Through the intersection, he raced down the hall of records, the central court only forty strides away from where the trail began. Dark doors were shut fast to either side, a wider spray of blood across the floor there, the marks of large hands streaked where they’d clutched at the stones. Barien struck on this spot, falling. Rising again to run. Pursuing his attacker? Or trying to flee?
And then in the hall behind him, movement, four figures where Barien had fallen. Garrison uniforms but no faces he could remember in the fury that sent him racing towards them. He saw their lips moving but he couldn’t hear the words over his scream as they stepped across the body, swords drawn. Then they were on him before he could swing, hauling him down easily in the frenzy that consumed him.
He felt something hard strike his head, the pain already there redoubled. He felt his arms pinned, boots striking him in the stomach and back. Then he was moving across cold stone and his legs didn’t work anymore.
A frozen moment of time, the ceiling sliding endlessly past above him. Then darkness took him away.
— Chapter 3 —
CHRIANI’S SECRET
THE SECRET CHRIANI HAD KEPT since the day he walked into Rheran through the dust of the trade way meant that he could see better than anyone else in the keep that he knew of, but that same sharpness of sight blinded him now when he finally awoke. He blinked, found himself staring up into the singular brilliance of a dozen evenlamps, a massive hanging fixture directly above him that he looked away from at once, overwhelmed by the shadow that had burned into his sight while he lay there unconscious.
As he slowly forced his eyes open, he saw an intricate pattern on the floor beneath him, blue and white tile cold against his face. An interleaving pattern of knots twisted around a blurred mosaic as he slowly looked up and across. The falcon of Brandis, ancient standard of the first princes. Its wings unfurled across the floor as it climbed, empty eyes fierce in their coldness where they seemed to watch him through a blur of movement all around.
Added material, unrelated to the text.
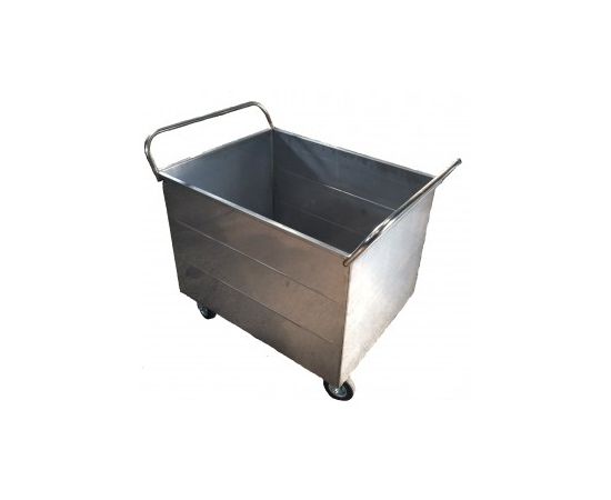 Выполнена из нержавеющей стали высокого качества и окантовкой для удобства перемещения и эксплуатации. Тележка установлена на 4 поворотных колеса, диаметром 125 мм. Возможна модификация тележки с одной или двумя ручками. При транспортировке для экономии места возможна установка «одна в одну».
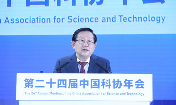 万钢在第二十四届中国科协年会开幕式上致辞(中国科协供图)

The throne room, he thought.
He tried to focus, felt all the disparate pain from the number of times he’d been struck in the head that night twist into one solid knot. He felt rough cords at his wrists and feet, thought about trying to sit up but decided against it. The blood at his tunic was still wet, hardly any time passed. He was in the throne room but he was bound, which meant that they wanted something from him but were expecting to be able to get it without beating him in the dark holding cells behind the outwall. That was a good thing.
Barien was dead.
Where the terrible truth had circled half-remembered in his daze, it flooded him now like a plunge into ice-cold water. Against a sudden spike of anger, Chriani forced himself upright as a knife-edge of pain cut through him. Across from him, he saw three guards suddenly alert, more around them, spread across the room where his vision blurred.
You will do as I command , the princess had said.
Only she hadn’t commanded him on what to do in the event that his mentor was murdered and he found himself taken down and bound by the Bastion garrison. He should have run that scenario past her, Chriani thought bitterly. But then the anger wilted beneath a sudden fear, and he wondered what might happen if they used truth magic on him.
He wondered what might happen if they simply took off his shirt and the bandage beneath it.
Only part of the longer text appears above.